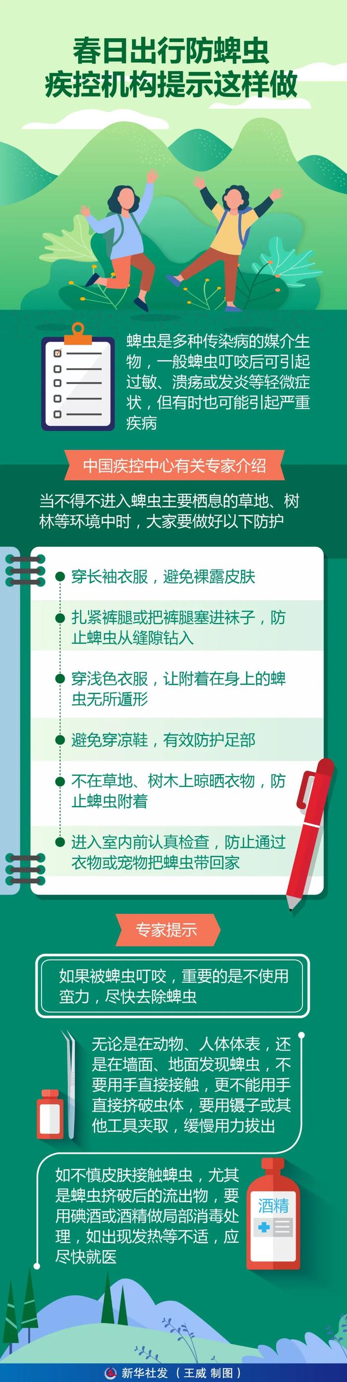 减少蜱虫的危害,预防为主。徐京杭建议,如果去野外露营、徒步,尽量穿长衣长裤,减少皮肤露出;衣物最好选择浅色,便于发现蜱虫;避免在蜱虫栖息地长时间坐卧;使用含有避蚊胺的防蚊液也能起到减少蜱虫叮咬的作用。在草丛、树林等地活动后,家长应重点检查孩子裸露在外的皮肤,耳后、脖子等也要仔细检查有没有新增的“小黑点”,避免蜱虫藏匿。(记者:林苗苗)
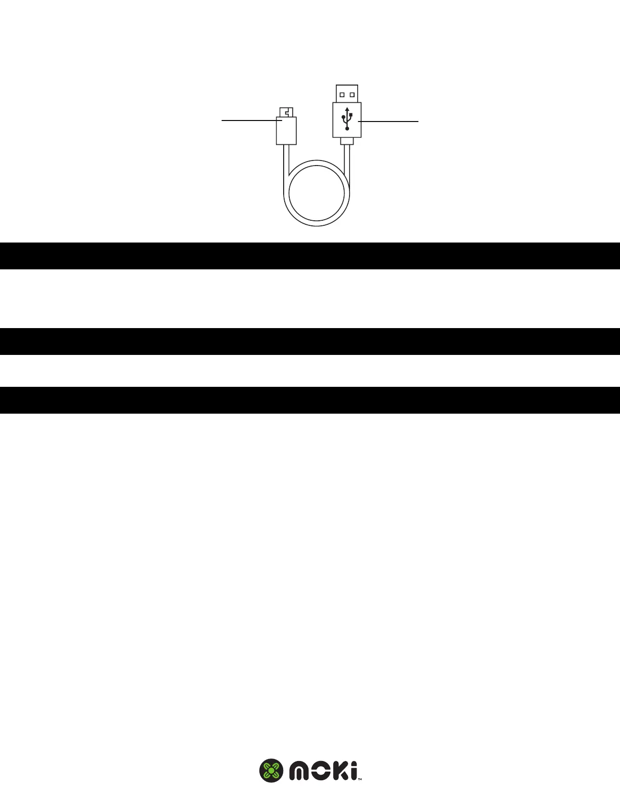 The MokiPods need a MicroUSB cable to charge, so any cable with a MicroUSB connection will
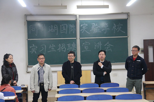 2018年3月25日晚7点,同升湖国际实验学校实习生招聘宣讲会在经管学院文科楼D101举行。同升湖国际实验学校副校长向赞勋、主任黄道河、年级主任罗鑫,经管学院党委副书记涂道勇出席本次宣讲会。
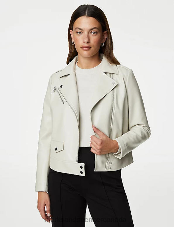 Marks and Spencer sale - Women Neutral Clothing Marks & Spencer Faux Leather Biker Jacket 20VTD405
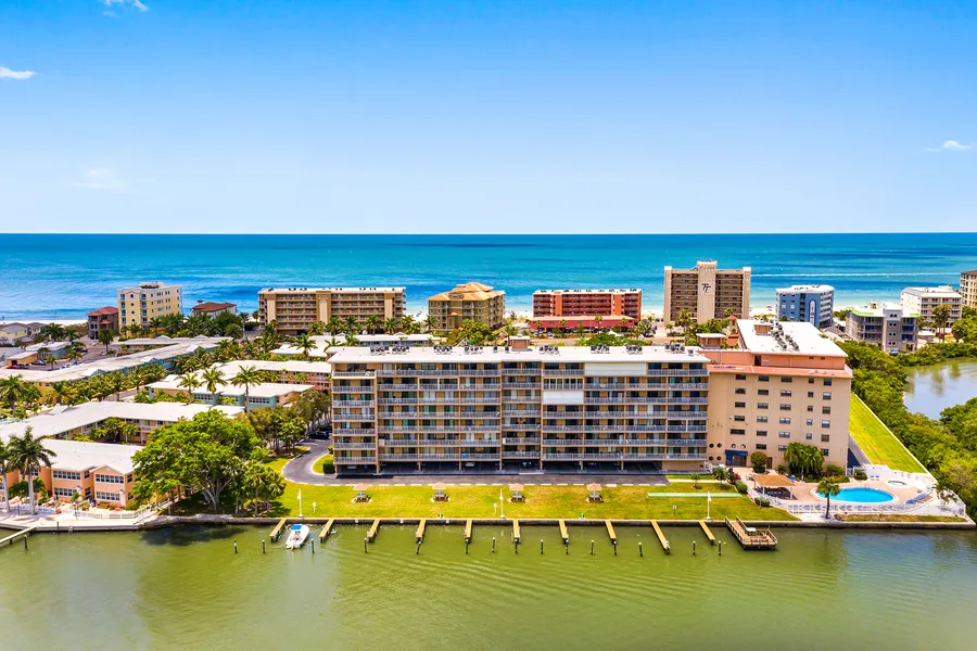 With breathtaking Intracoastal views, this 2-bedroom, 2-bath condominium is the perfect second home-vacation rental property. Situated in a resort-style community, this condo has been tastefully remodeled, furnished and accessorized and shows like a model. The living room has a recessed electric fireplace and every room has a wall-mounted flat-screen TV and motorized shades. And most importantly, the master bedroom and great room have spectacular Intracoastal views and direct access to an inviting balcony. The 5th-floor elevation provides the guest bedroom and kitchen with stunning Gulf views. The AC is brand new. A 7-day minimum rental period makes it the perfect vacation home that could pay for itself as a desirable rental. Located on 4.5 acres, this community has amenities for everyone heated pool and spa, tennis courts, 20 open-use boat docks, tiki hut-style picnic tables, rooftop observation deck, fishing pier, fitness center, shuffleboard court, putting green, a clubhouse with his and hers saunas and designated storage areas for paddleboards and bikes. And best of all, the beach access is located directly across from Bayshore Yacht and Tennis Club and puts you on the glorious sandy beaches and the emerald green waters of the Gulf of Mexico in just minutes. This condo comes with one of the few premium parking spaces that are covered and just a few steps from an elevator. Guests will find plenty of guest spaces. But who needs a car with all the restaurants (especially the top-rated Salt Rock Grill), pubs, coffeehouses, sandwich and pizza shops, parks, putt-putt golf course, boat rental company (also rents kayaks, paddleboards, scooters, bicycles) and shops all within walking distance in the pedestrian-friendly Indian Shores? Floorplan slide #44. See video at https://vimeo.com/manage/videos/732343434.
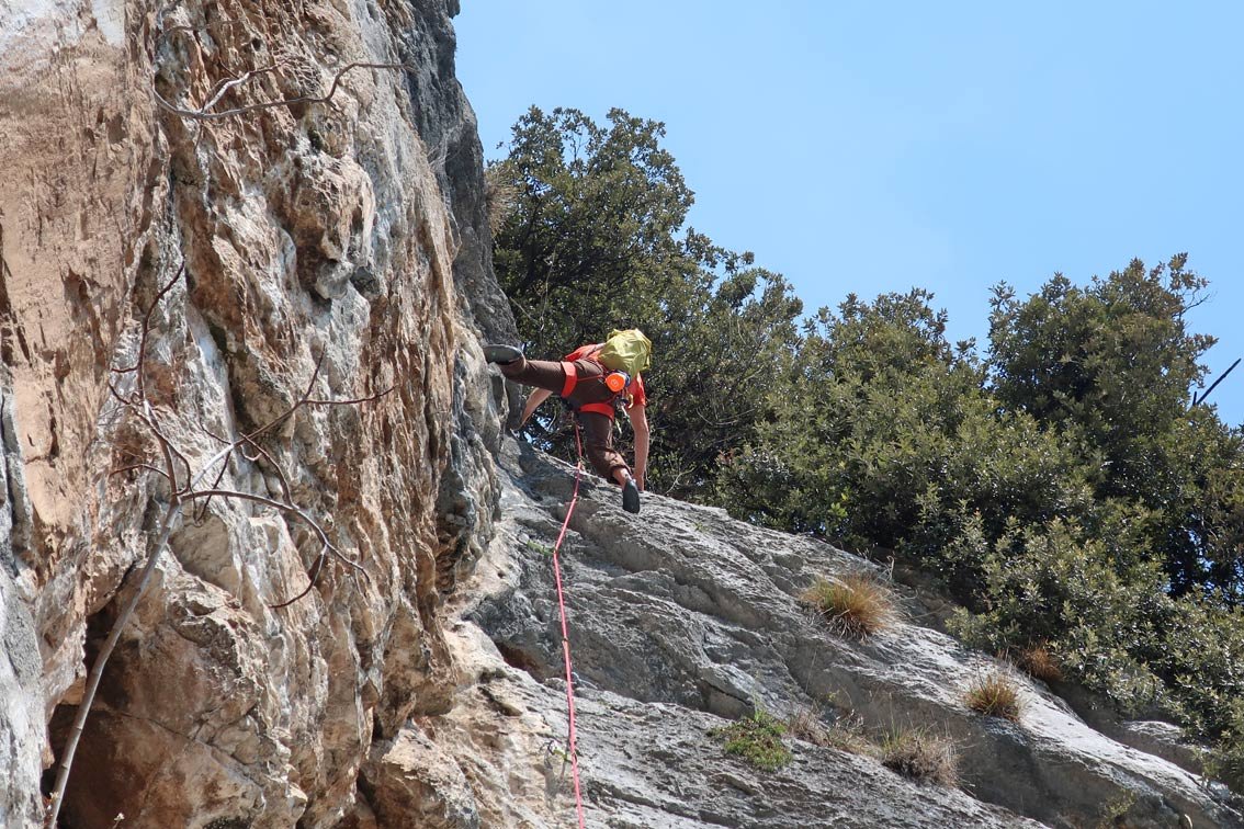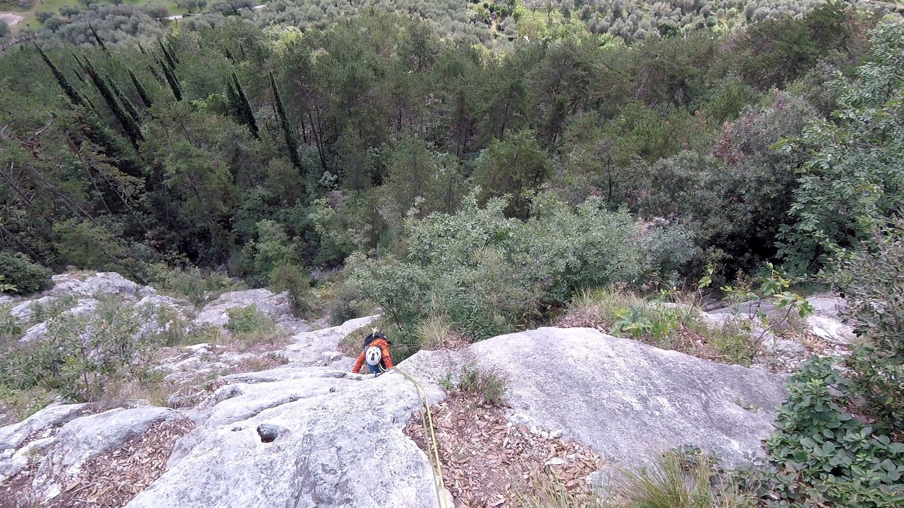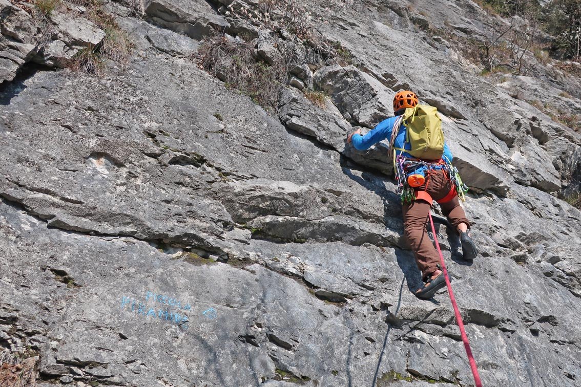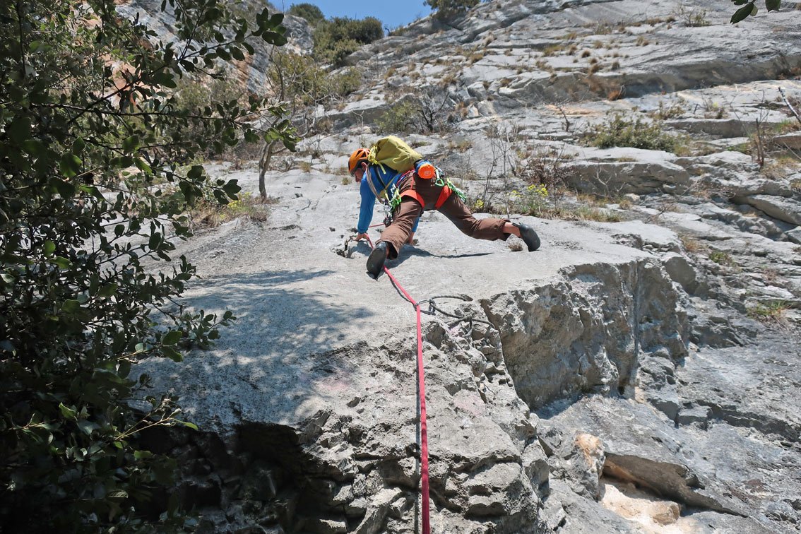 Die Route La piccola piramide ist ähnlich wie die Scalette dell' Indria ein Klassiker an der Coste dell' Anglone - und das zu recht! Die Kletterei ist sehr abwechslungsreich - unten Platten, dann raue schöne, steilere Wandpassagen und ab der Mitte schöne Verschneidungen. Das Highlight ist der finale waagrechte Quergang zur vorderen letzten Seillänge, bei der man sich mit reichlich Luft unterm Hintern die Finger lang ziehen muss. Angenehm ist der "gestufte" Charakter der Route - oft gibt es kleine Bänder und Absätze, die das ganze (mit Ausnahme der beiden Seillängen am Ende) nicht ganz so spektakulär erscheinen lassen. Gesamt eine lohnende Grill&Klucknerroute, die man auch in Erwägung ziehen kann, wenn bei der "Scalette dell' Indria" der Andrang zu groß ist.
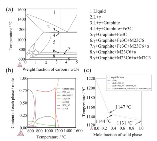 - The Thermo-Calc simulation has shown that during solidification, the γ phase, graphite, and Fe3C precipitate in liquid phase in turn, and the liquid phase transformed into a solid phase at 1131 °C. The eutectic (NbTi)C particles may be formed in the transformation of L→γ + (NbTi)C + Fe3C.
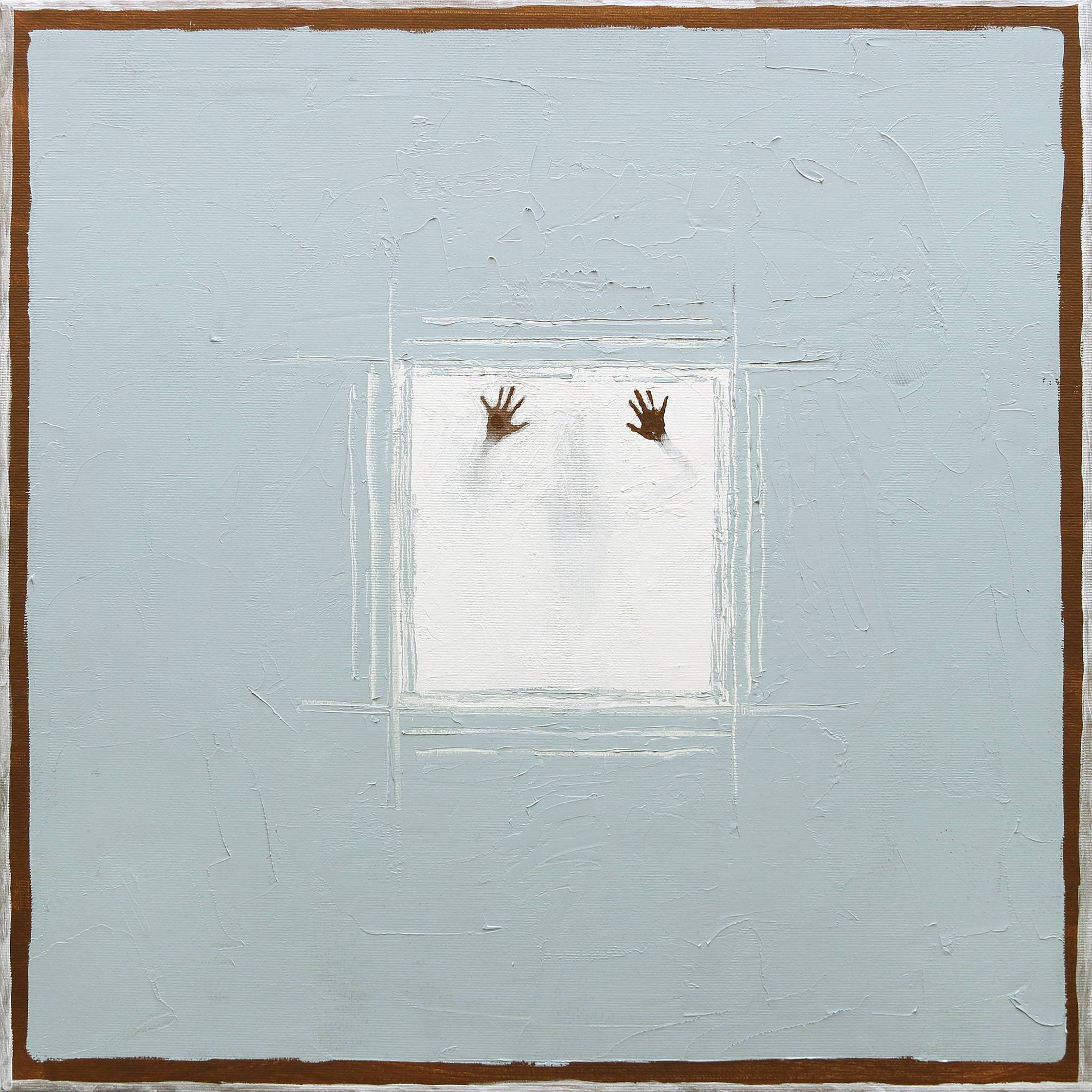 Na obrazie widać jaśniutki kwadrat na tle bladoniebieskiego płótna, jakby przesłonięte mgłą. Na jego środku delikatnie wyciągają się dwie małe, dziecięce dłonie. Barwy są stonowane, co nadaje całości nieco tajemniczy, melancholijny vibe. Całe płótno odgradza cienka brązowa ramka, która ujęła całość w klasyczne ramy. Nastrój obrazu jest intrygujący. Czujesz się nieco zagubiony, próbując zrozumieć, co artysta chciał przekazać poprzez ten minimalistyczny styl. Technika, jaką posłużył się artysta, to subtelne pociągnięcia pędzlem, które tworzą gładką, lekko teksturowaną powierzchnię. Wykorzystując minimalistyczną kompozycję, artysta zmusza odbiorcę do refleksji. Moje skojarzenia? Może to metafora dzieciństwa odsuniętego za mgłę wspomnień. Ten obraz sprawia, że czujesz tęsknotę i niepewność. Może też wywoływać chęć ochrony tego, co delikatne i niewinne. W końcu każda interpretacja jest jak osobista podróż. Patrząc na ten obraz, pomyślałem, że to może być "window to the soul", gdzie nasze wspomnienia błądzą jak duszki. A synek powiedziałby: "Rączki za szybą, jak u nas w kuchni!" Rozbrajająca prostota dziecka, prawda? To przypomina mi dziecięcą radość i beztroskę. Tak czy inaczej, obraz jest niezwykle uroczy i prowokuje do głębszych przemyśleń.
....
§ **Required work**: Lines from the start of the listing above through the line holding "2018年3月25日晚7点,同升湖国际实" are to be duplicated exactly, and nothing more; leave out the pictures.

§ **Result**:
 减少蜱虫的危害,预防为主。徐京杭建议,如果去野外露营、徒步,尽量穿长衣长裤,减少皮肤露出;衣物最好选择浅色,便于发现蜱虫;避免在蜱虫栖息地长时间坐卧;使用含有避蚊胺的防蚊液也能起到减少蜱虫叮咬的作用。在草丛、树林等地活动后,家长应重点检查孩子裸露在外的皮肤,耳后、脖子等也要仔细检查有没有新增的“小黑点”,避免蜱虫藏匿。(记者:林苗苗)
 The MokiPods need a MicroUSB cable to charge, so any cable with a MicroUSB connection will
 2018年3月25日晚7点,同升湖国际实验学校实习生招聘宣讲会在经管学院文科楼D101举行。同升湖国际实验学校副校长向赞勋、主任黄道河、年级主任罗鑫,经管学院党委副书记涂道勇出席本次宣讲会。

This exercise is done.